What needs to be done: Please keep the pictures out and write out exactly the lines from the first in the data below through the one containing "Авторский букет из", both included.

-- Opening Marker --

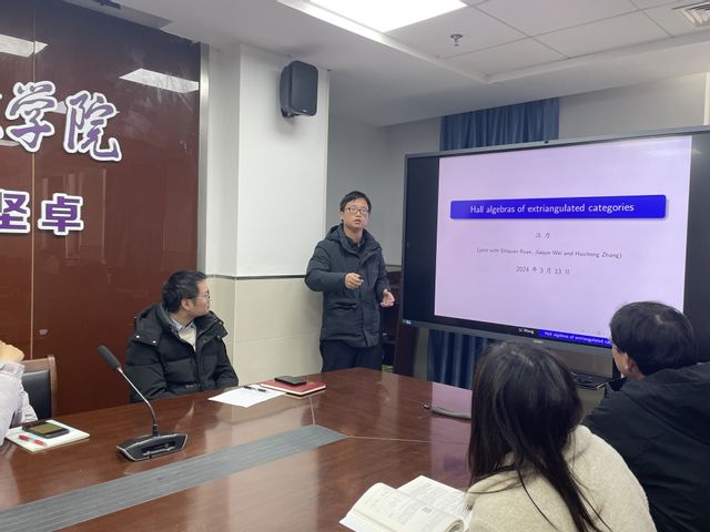 会后,“应用数学团队”骨干教师柴劲松副教授和汪力博士分别做了题为《Bessel函数及其在表示论中的应用》和《Hall algebras of extriangulated categories》的学术报告,团队老师开展了热烈讨论。
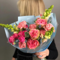 Авторский букет из малиновой гортензии, розовых диантусов и розовых кустовых роз в стильной упаковке
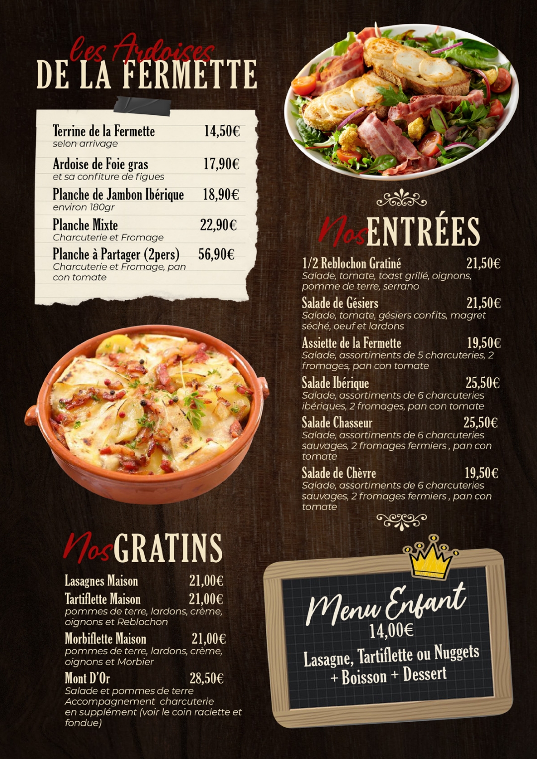 À La Fermette de Font-Romeu, notre menu est une déclaration d’amour aux montagnes des Pyrénées. Nous mettons un point d’honneur à sélectionner des produits locaux de la plus haute qualité, des fromages artisanaux aux charcuteries traditionnelles, en passant par des viandes exceptionnelles. Chaque plat est une célébration des saveurs montagnardes, un hommage à la richesse du terroir local.
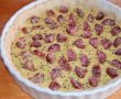 Asezam aluatul in tava unsa cu unt  turnam umplutura si nivelam.
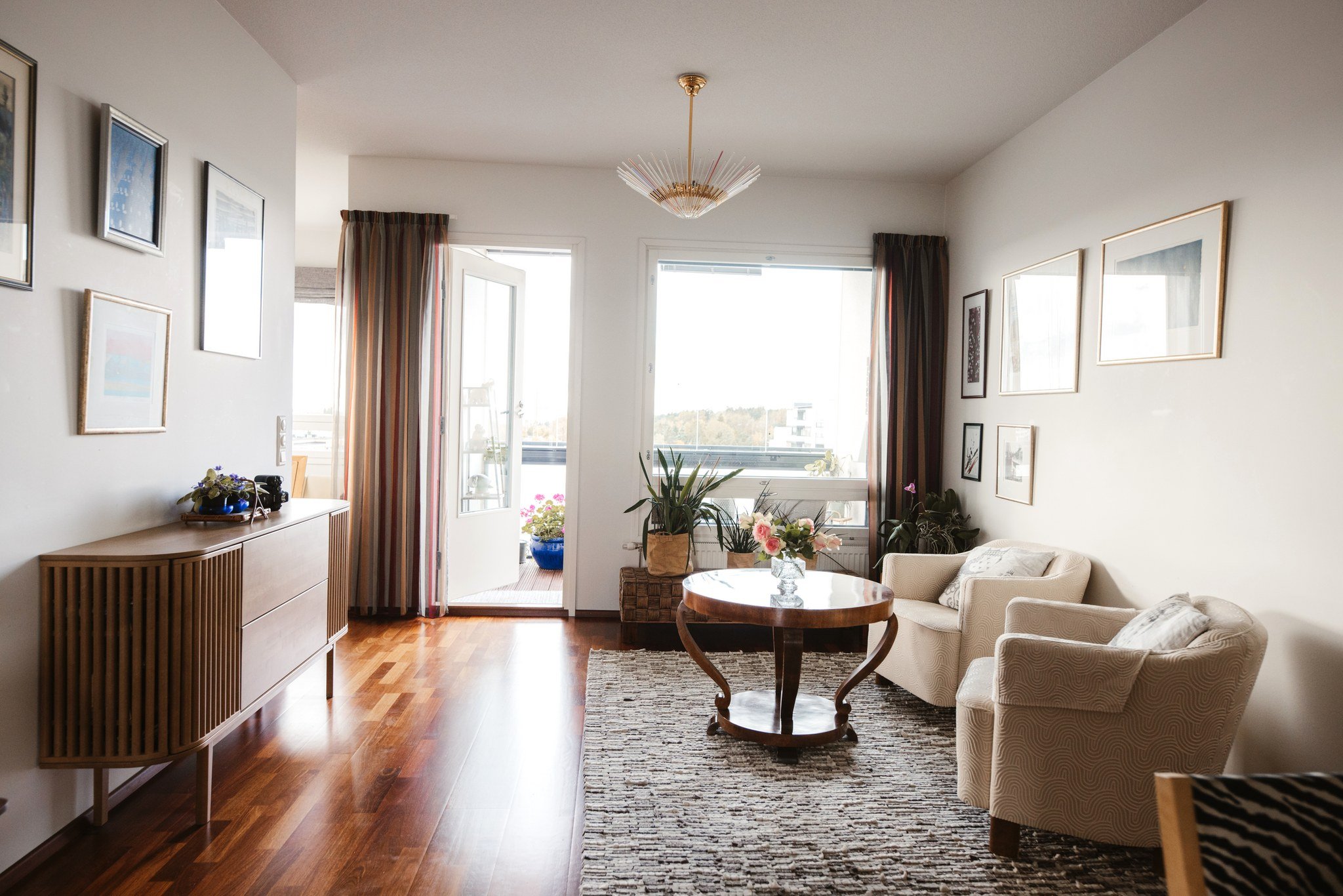 Avara olohuone josta kulku huoneiston lasitetulle parvekkeelle.

-- Closing Marker --

The completed task:
 会后,“应用数学团队”骨干教师柴劲松副教授和汪力博士分别做了题为《Bessel函数及其在表示论中的应用》和《Hall algebras of extriangulated categories》的学术报告,团队老师开展了热烈讨论。
 Авторский букет из малиновой гортензии, розовых диантусов и розовых кустовых роз в стильной упаковке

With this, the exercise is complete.